Delicious Pesto Chicken with lemon chicken, avocado & corn salsa, and plenty of pesto! This easy dinner recipe is made with nutritious ingredients and whips together quickly!
CHICKEN PREP: Slice the chicken breasts in half horizontally to form 4 chicken cutlets. Cover with plastic wrap and pound (use the bottom of a frying pan or meat mallet) to get the halves into even pieces (they don't need to be super thin, just equal thickness throughout). If marinating, place the chicken in a large plastic bag or similar container and cover with buttermilk. Refrigerate for 30 minutes up to 8 hours. When done marinating, remove from buttermilk, drain, and pat dry with paper towels. Lightly sprinkle both sides of chicken with salt.
COOK CHICKEN: Grill/Grill Pan: Preheat the grill to about 400 degrees F (grill pan to medium-high heat).

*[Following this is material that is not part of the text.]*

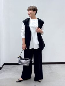 黒のジレとワイドパンツのセットアップ風スタイルに、白のプルオーバーを合わせて抜け感と清潔感をプラス。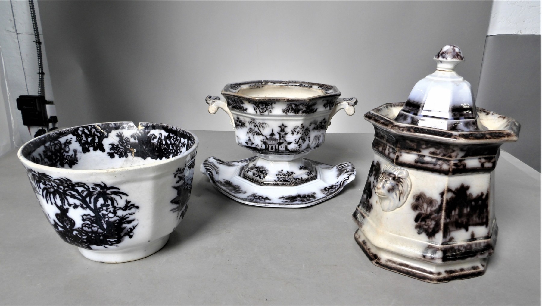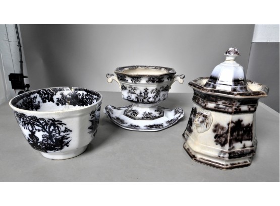 Listed is an open bowl 7.5"w x 4.5"h, sitting on a platter 8"w and stamped on the bottom E & C Challinor, Ironstone and what looks to read "Pelew". There is a chip on the rim above one of the handles. The platter is in very good condition. Also listed is an unmarked bowl with a number of cracks and chips 6" x 4". Also listed is an unmarked bowl with 2 lion heads and cover (repaired) - not sure they match. There is a chip on the bottom of the bowl and on the lid. See photos for details.

Make sure your grill grates or ridges of grill pan) are clean and greased. To grease, dredge a paper towel in vegetable oil and, holding it with tongs, rub it all over the grate. Evenly sprinkle both sides of the chicken generously with lemon pepper seasoning. Grill the chicken until completely cooked through (about 4-6 minutes per side, depending on the heat of the grill and thickness of chicken) Chicken should be at 165 degrees F at its thickest part. Tent with foil and rest for 5-10 minutes. Slice thinly or cut into small pieces. Skillet: In a shallow bowl, whisk together the flour and lemon pepper seasoning. Heat 1 tablespoon butter and 1 tablespoon oil in a large pan over medium-high heat. Dredge the chicken breasts in the flour mixture, turning to coat evenly. Place the chicken in the pan and cook for 5-6 minutes per side or until done (add more olive oil if needed). Remove the chicken from the pan, place on a plate, tent with foil, and rest for 5-10 minutes. Slice thinly or chop into small pieces.

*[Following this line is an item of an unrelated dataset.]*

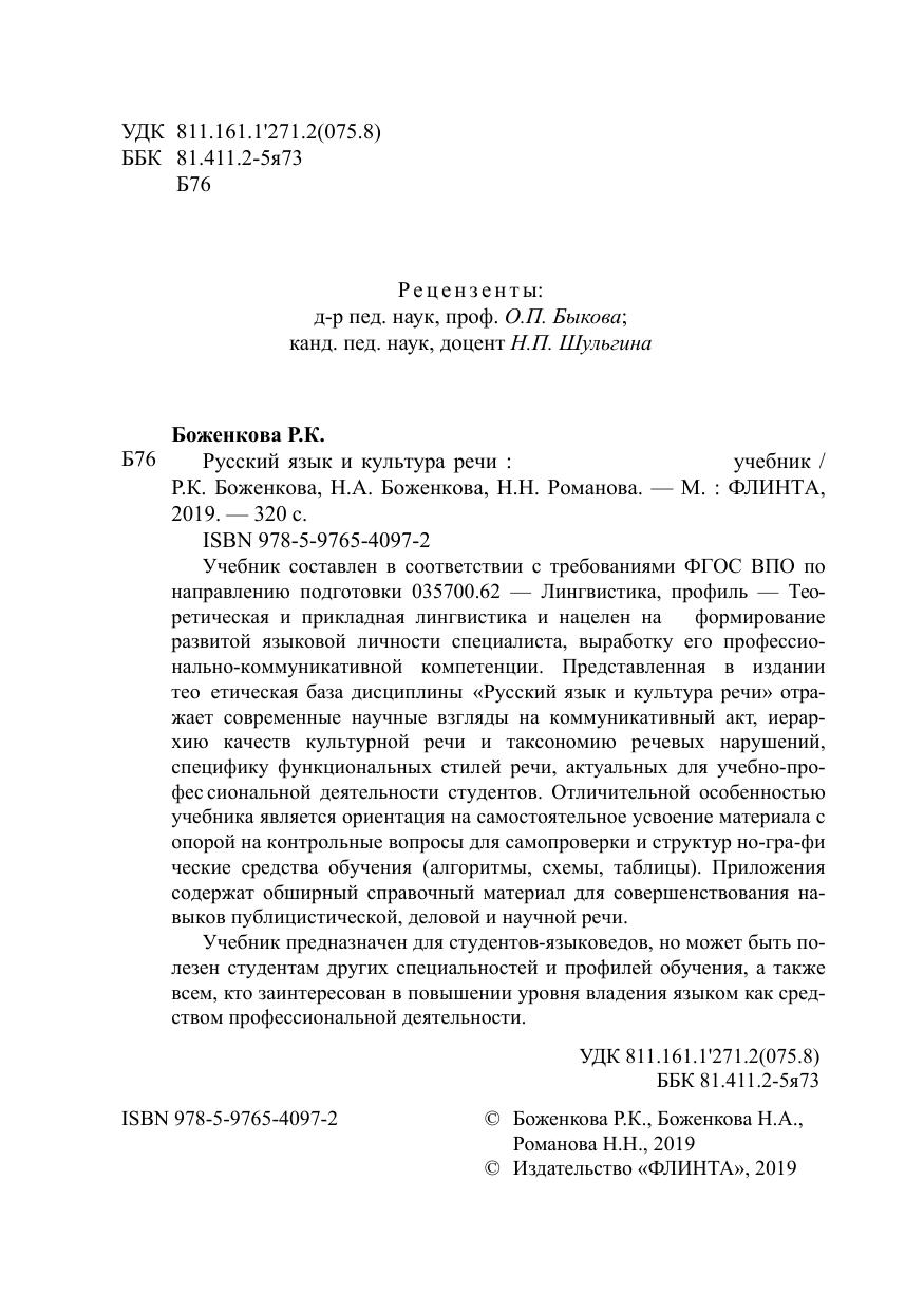 Учебник составлен в соответствии с требованиями ФГОС ВПО по направлению подготовки 035700.62 — Лингвистика, профиль — Теоретическая и прикладная лингвистика и нацелен на формирование развитой языковой личности специалиста, выработку его профессионально-коммуникативной компетенции. Представленная в издании теоретическая база дисциплины «Русский язык и культура речи» отражает современные научные взгляды на коммуникативный акт, иерархию качеств культурной речи и таксономию речевых нарушений, специфику функциональных стилей речи, актуальных для учебно-профессиональной деятельности студентов. Отличительной особенностью учебника является ориентация на самостоятельное усвоение материала с опорой на контрольные вопросы для самопроверки и структурно-графические средства обучения (алгоритмы, схемы, таблицы). Приложения содержат обширный справочный материал для совершенствования навыков публицистической, деловой и научной речи.

SALSA: Combine the drained and rinsed white beans, drained corn (or corn cut from the cob) chopped avocado, julienned sun-dried tomatoes, 2 teaspoons of the oil from the tomatoes, chopped basil, lemon juice, and salt + pepper to taste in a medium-sized bowl. (I add about 1/2 teaspoon salt and 1/4 teaspoon pepper.)

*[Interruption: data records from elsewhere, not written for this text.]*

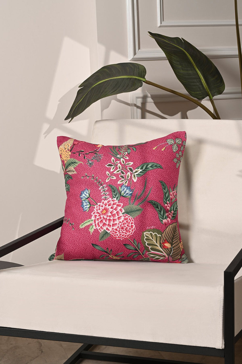 This pink botanical floral patterned cushion cover will add an elegant touch to your home decor. Its special stain-resistant fabric makes it long-lasting and practical. Its hidden zipper detail adds a stylish touch, and its 43x43cm dimensions make it the perfect complement to armchairs, beds, and armchairs.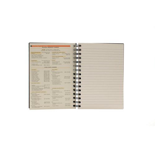Wirebound spine allows pages to lie flat for easy writing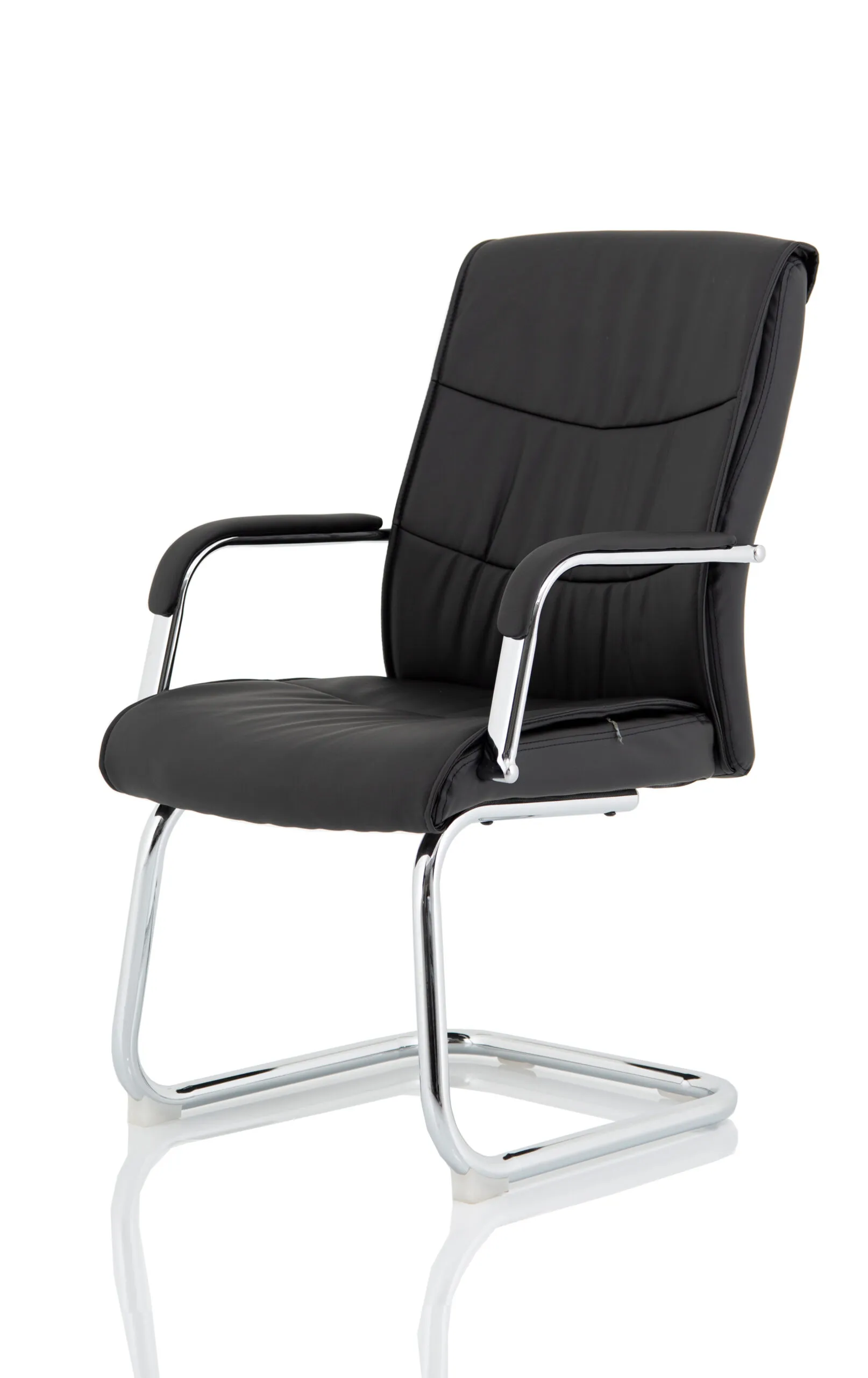 Carter Medium Back Black Leather Cantilever Visitor Office Chair with Arms

COUSCOUS: Meanwhile, pour the chicken stock, veggie stock, or water to a small pot. Add in the butter and bring to a boil. Once boiling, remove from heat. Stir in the couscous and cover the pot with a lid. After about 2-3 minutes the liquid should be absorbed; fluff with a fork. Stir in 1/3 cup pesto, 2 tablespoons lemon juice, and about 1 teaspoon each of salt and pepper (again to personal preference on salt and pepper).
ASSEMBLE:: Fill 4 bowls with even amounts of the pesto couscous. Arrange the cooked chicken on top and add generous amounts of the salsa to the side. If desired, add a wedge of lemon to each bowl. Spoon the remaining pesto evenly over the bowls. Enjoy immediately.
Notes
Note 1: You can marinate the chicken in buttermilk or forgo a marinade entirely. Also, the flour and butter will only be used if you're cooking the chicken in a skillet. If grilling/using a grill pan, the flour and butter are not necessary.Note 2: To grill corn on the cob, peel back husks and remove silk. Rub vegetable oil on all sides of the corn and sprinkle lightly with salt and pepper. Place on heated grill (400 degrees F) and rotate every 3-4 minutes or until charred. Remove, let cool, and then slice off the cob. You can also use this same method for a grill pan.Note 3: I buy the julienne-cut sun-dried tomatoes to save some chopping time and they're perfect for the salsa.